How data is used for end-to-end:
Your initial training data comes from recordings of humans (and robots) doing successful drives. You must remove or label any recordings of bad driving behavior or the system will learn it. (Tesla had to remove all recordings of people doing rolling stops, since NHTSA ordered them to not have their cars do this very common activity.) Most teams also add simulated drives to the training data, and this is the specialty at Waabi, which does most training in simulator. This includes adversarial training, where one AI tries to be as clever as possible in creating simulated scenarios which will make the car crash, so it can learn what not to do. This can allow the car to have experienced far more bad situations than any human could.

Transformer LLMs for autonomous driving:
Driving may not seem like writing, but once perception has been done, what the sensors see can be turned into a string of tokens not too different from sentences. And so, an LLM that has been trained on tons of driving can get very good, and very human, at deciding what should come next in any situation. You can try this with your favorite AI, and you may see that even though all it did was read books about driving, it’s able to figure things out from very basic perception information.

Nuro
Nuro, for example, which makes delivery vehicles, has both an AI planner and a traditional one, and they both make proposals for what the machine should do at any given moment. Another tool then picks which of the plans it thinks is best. Usually it’s the AI planner that makes the best and most human-like choice.

Zoox
Zoox has been slower to fully absorb LLMs but is working on it as well, and while Waymo has made limited comment they are also believed to be doing so—after all, the transformer model that lies at the base of all LLMs was developed at Waymo’s sibling Google.

Black box problem
People are afraid of “black box” approaches which may make decisions for reasons unknown to their developers. If you encounter problems, you can “fix” them by adding more training designed to discourage the bad choices, but without the same certainty of traditional programming. I often ask people, “Would you prefer a car that crashes once in a million miles but you can’t explain why, though you can fix it, or a car which crashes twice in a million miles but you know just why it did?” I get both answers.

Wayve
UK developer Wayve has merged an actual text LLM with their E2E driving system. You can ask it at any time why it’s doing what it’s doing. They hope that will make people feel better, as well as help debug it. When it was stopped at a red light with some cars ahead of it, I asked it why it wasn’t going. It mentioned the red light, but not the more important forward traffic, which I felt was a serious error, since it would not drive into them just because the light went green. This approach thus needs more work but may help deal with the fear.

Conclusion
It’s good news that so many different approaches are being worked with, from LLMs to classic imitation and reinforcement learning, to traditional robotics constraints that are better at rigidly following rules of the road.
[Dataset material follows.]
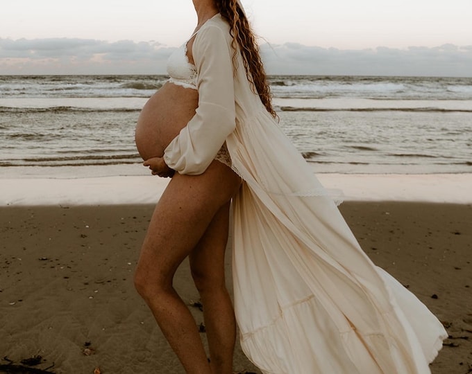 Florence Cream Boho Maternity Dress, Bell Sleeve Wrap, Handmade

Tesla and MobilEye have the largest pools of data of human drivers and hope those will give them an edge in a world where the party with the most training data and compute wins. But there’s a lot of data out there, and a lot of compute, when you consider that companies like Google, Amazon and Nvidia are still fighting in this game. While a number of companies have shut down in this race, including projects at major automakers, there are still many in the race, hoping to be the first to deploy this at scale.